In 1986, eleven years after selling his Bogotá farm and returning to New England, Bass bought a medium-sized egg farm in the central-Massachusetts town of Hubbardston. He ripped out the cages that allowed the three barns to house 15,000 hens (modern methods, he says, would allow the same barns to hold 60,000) and renovated them as high-ceilinged homes for 6,600 birds. He cut long lines of windows into the sides of the barns; they remain open half the year and allow in ample sunlight year-round. When I stepped into one barn I could see right away that these were plump and happy birds -- scratching the earth-covered floor, noisily socializing, and feeding at troughs on slatted platforms below which the floor is automatically mucked out twice a day. The barn was breezy and odorless.

"Do you want to hold a chicken?" Bass asked, as he petted one behind the ears. I took the bird by the legs and cradled it on my chest. I had already been sold on the wholesomeness of the birds and their eggs by their topaz color. Breeds that are brown of feather and earlobe (where the coloring predicts egg color) produce brown eggs, the only proper kind in New England. Nutritionists insist that there is no difference between brown and white eggs (or, for that matter, between brown, white, and the pretty pastel eggs from exotic hens whose colors Martha Stewart has trademarked for house paint), and I confess to being unable to distinguish between the two in blind tastings.
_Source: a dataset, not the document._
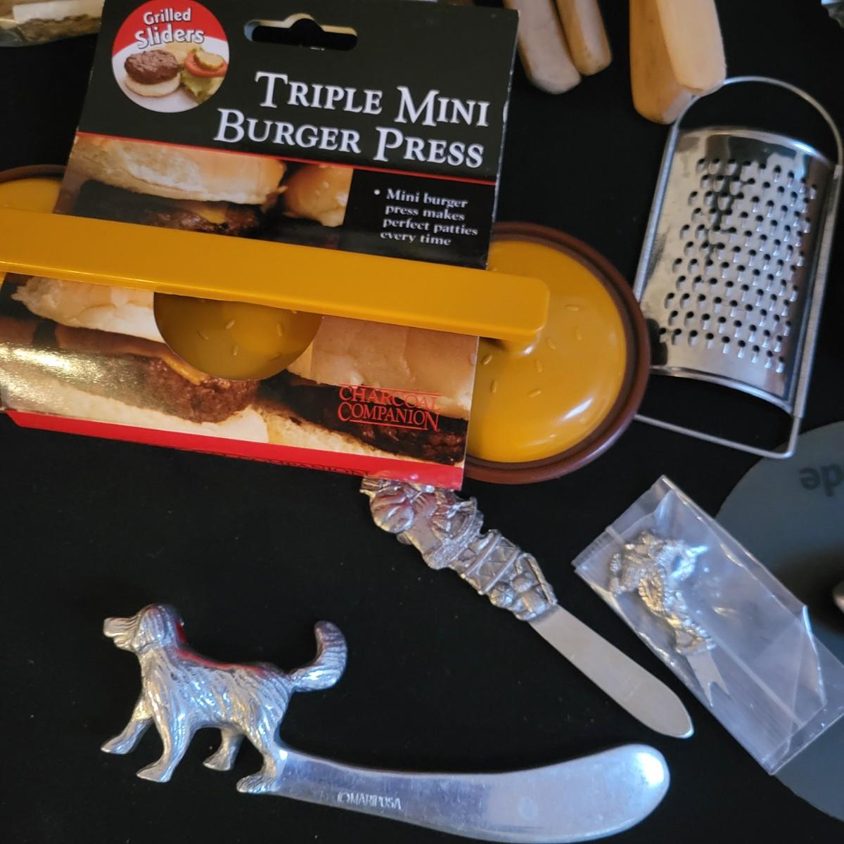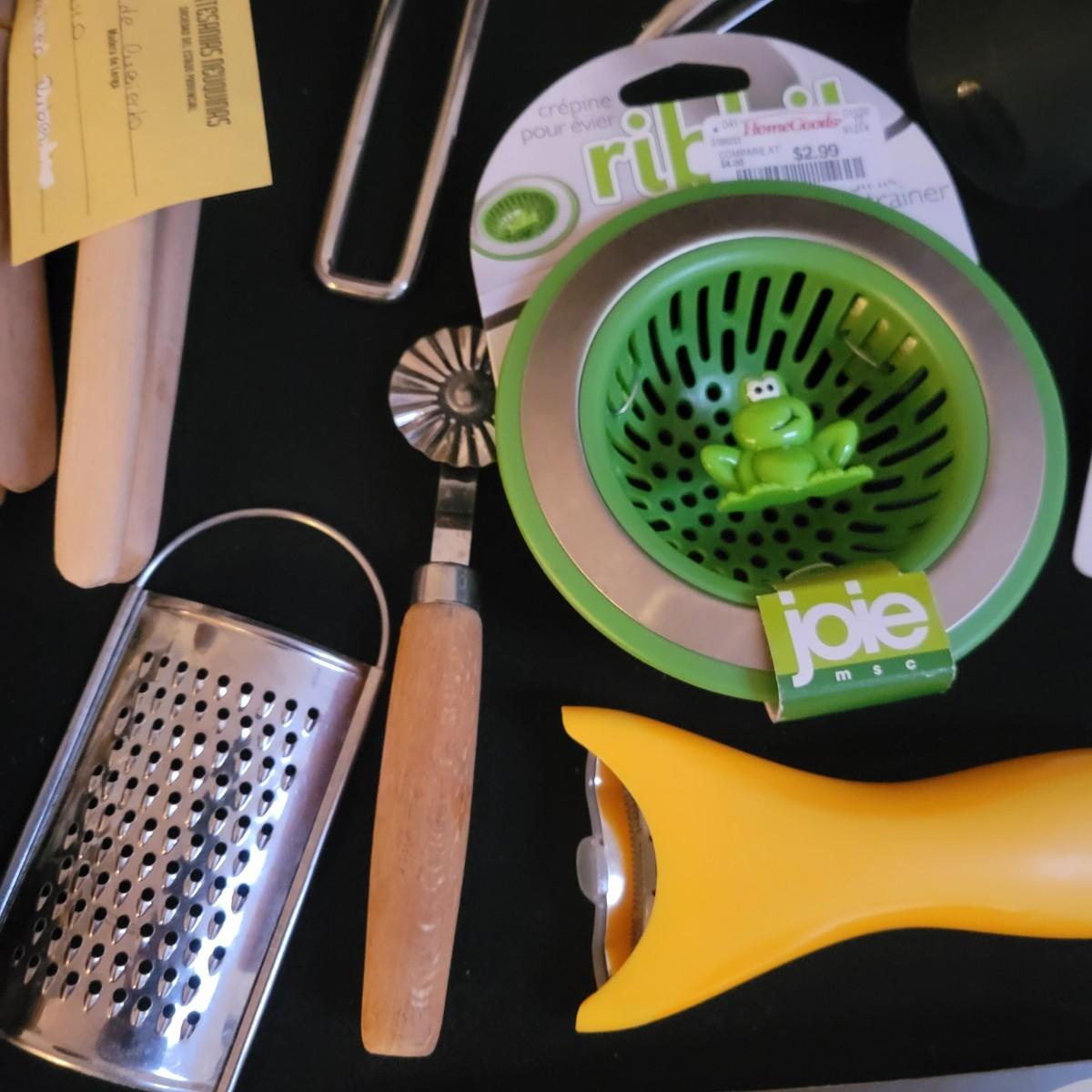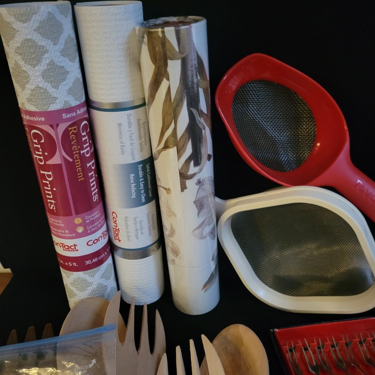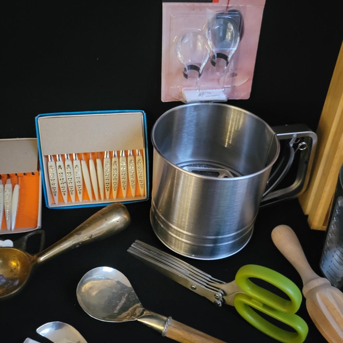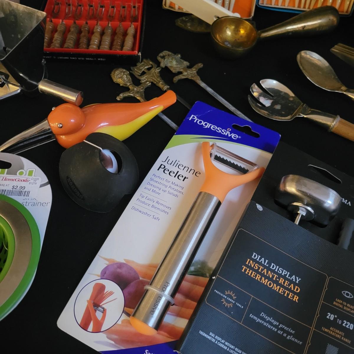 A huge assortment of kitchen accessories that includes aprons, hors dourves forks, wooden utensils, skewers, strainers organizers and so much more. See attached pictures for a full inventory. Local pickup only

Nonetheless, I remain convinced that brown is better, and the fact that brown hens are bigger and require more feed (brown eggs cost more) confirms my prejudice.

Bass casually scooped up some feed from the trough and popped it into his mouth, encouraging me to do the same. He mills and blends his own, using grains he buys from midwestern organic farms after visiting them and quizzing the farmers. His theory about the taste of eggs, he later wrote me, is that it "comes from a living, lively organic soil full of bacteria, fungi, protozoa, and nematodes, just to name a few." The feed was gold-green, rather than the corn color I had expected, and ground to a medium grit. Bass several times rebuffed my questions as to what the mixture included, insisting on proprietary secrecy. The first flavor I detected was salt; Bass admitted that the feed did contain it. The second was unexpected -- vaguely herbaceous, and reminiscent of marijuana. Bass denied adding any herbs to the feed (I didn't ask about illicit ones), but later revealed that he puts in marigolds for their lutein, which can help to fight macular degeneration. The mixture did not taste fishy, as I had suspected it would. Many poultry farms give fish meal to chickens, resulting in fishy-tasting chicken and eggs. Bass adds ground oyster shells and calcium to strengthen the eggshells and to help the birds, which have no teeth, to digest feed; Country Hen eggs have sturdy shells that make supermarket eggshells seem like paper by comparison. Micalike chips of oyster shell glistened in the dark, loamy stacks of the farm's carefully turned compost, which Bass plans to sell to urban gardeners for a pretty penny. Country Hen eggs, at $2.50 a half dozen, are a good deal more expensive than most supermarket eggs (you can find where they're sold at www.countryhen.com).